*About this task*. Output only the lines below from the one holding "2020年2月12日晚19:30分,江西" down to the one holding "广州松田职业学院2025年在", both end lines included and every picture dropped.

*Given data*.
● ● ●
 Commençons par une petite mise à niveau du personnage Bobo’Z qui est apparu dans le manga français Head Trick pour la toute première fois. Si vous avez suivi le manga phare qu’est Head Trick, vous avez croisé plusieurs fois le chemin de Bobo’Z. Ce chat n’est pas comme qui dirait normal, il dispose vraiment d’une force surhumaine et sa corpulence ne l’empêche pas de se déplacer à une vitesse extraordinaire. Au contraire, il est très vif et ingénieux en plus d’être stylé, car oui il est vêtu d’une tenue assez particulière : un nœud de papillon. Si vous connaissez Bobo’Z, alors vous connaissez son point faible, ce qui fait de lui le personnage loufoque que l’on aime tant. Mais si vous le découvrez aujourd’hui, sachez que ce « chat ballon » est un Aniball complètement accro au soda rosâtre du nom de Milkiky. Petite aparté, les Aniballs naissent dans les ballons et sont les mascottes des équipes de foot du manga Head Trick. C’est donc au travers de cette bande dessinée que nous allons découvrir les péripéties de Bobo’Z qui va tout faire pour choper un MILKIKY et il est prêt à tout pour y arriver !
● ● ●
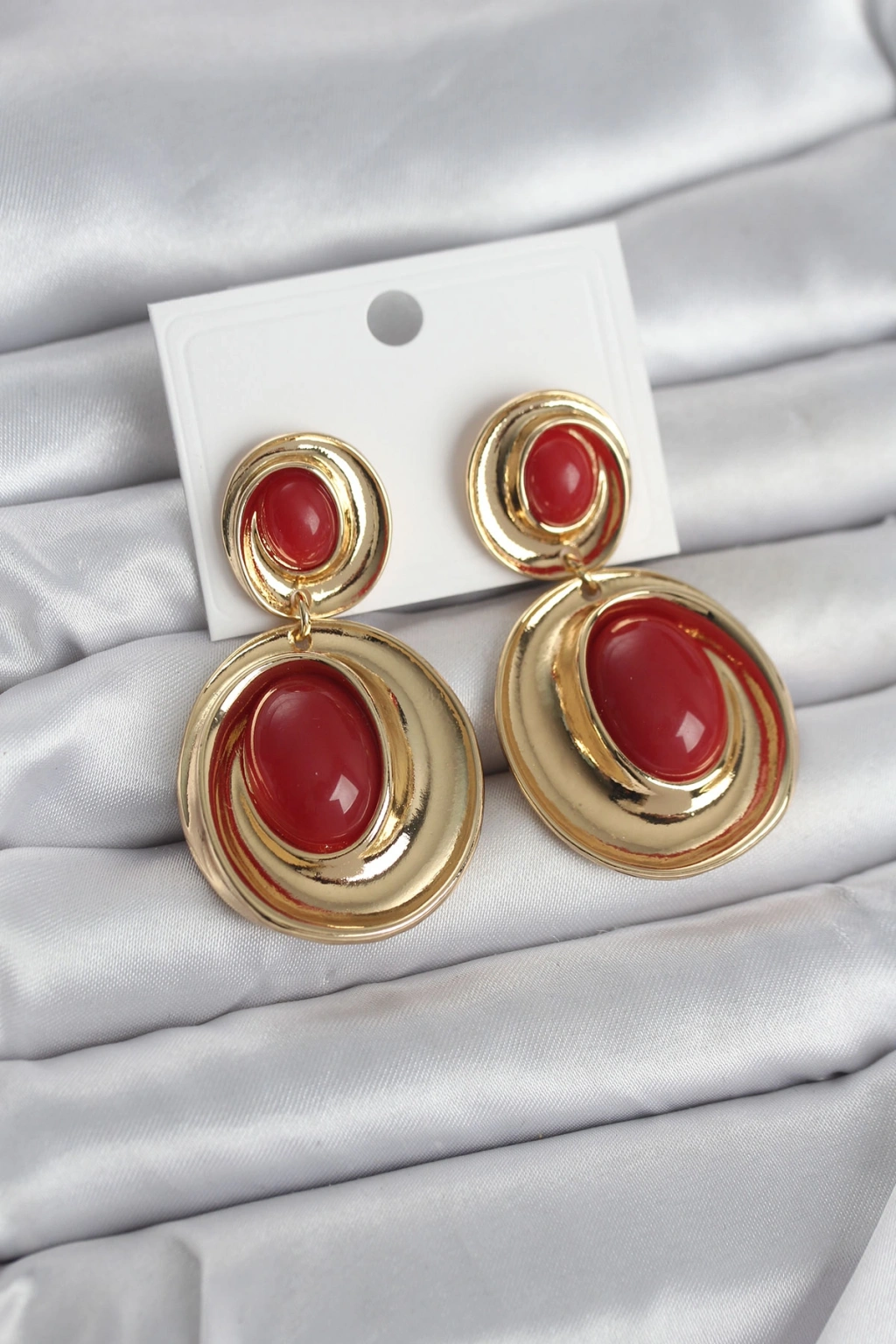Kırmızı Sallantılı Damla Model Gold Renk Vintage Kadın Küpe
● ● ●
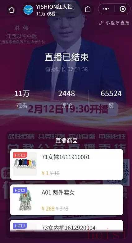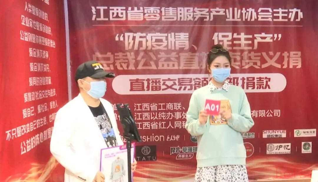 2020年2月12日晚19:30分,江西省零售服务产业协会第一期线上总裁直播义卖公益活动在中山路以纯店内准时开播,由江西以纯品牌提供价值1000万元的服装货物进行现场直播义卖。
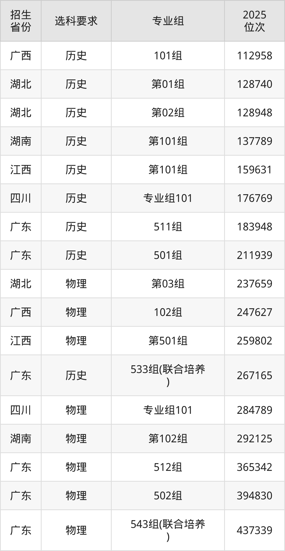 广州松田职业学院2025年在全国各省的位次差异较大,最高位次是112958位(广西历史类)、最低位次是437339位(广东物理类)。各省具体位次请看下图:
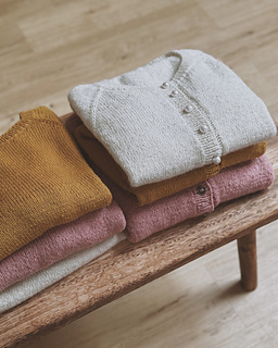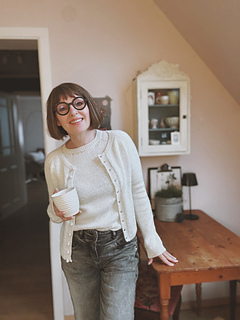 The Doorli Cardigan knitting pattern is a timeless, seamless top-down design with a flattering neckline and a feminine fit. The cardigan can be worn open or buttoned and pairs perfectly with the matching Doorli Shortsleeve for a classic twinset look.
● ● ●
*Completed exercise*.
 2020年2月12日晚19:30分,江西省零售服务产业协会第一期线上总裁直播义卖公益活动在中山路以纯店内准时开播,由江西以纯品牌提供价值1000万元的服装货物进行现场直播义卖。
 广州松田职业学院2025年在全国各省的位次差异较大,最高位次是112958位(广西历史类)、最低位次是437339位(广东物理类)。各省具体位次请看下图:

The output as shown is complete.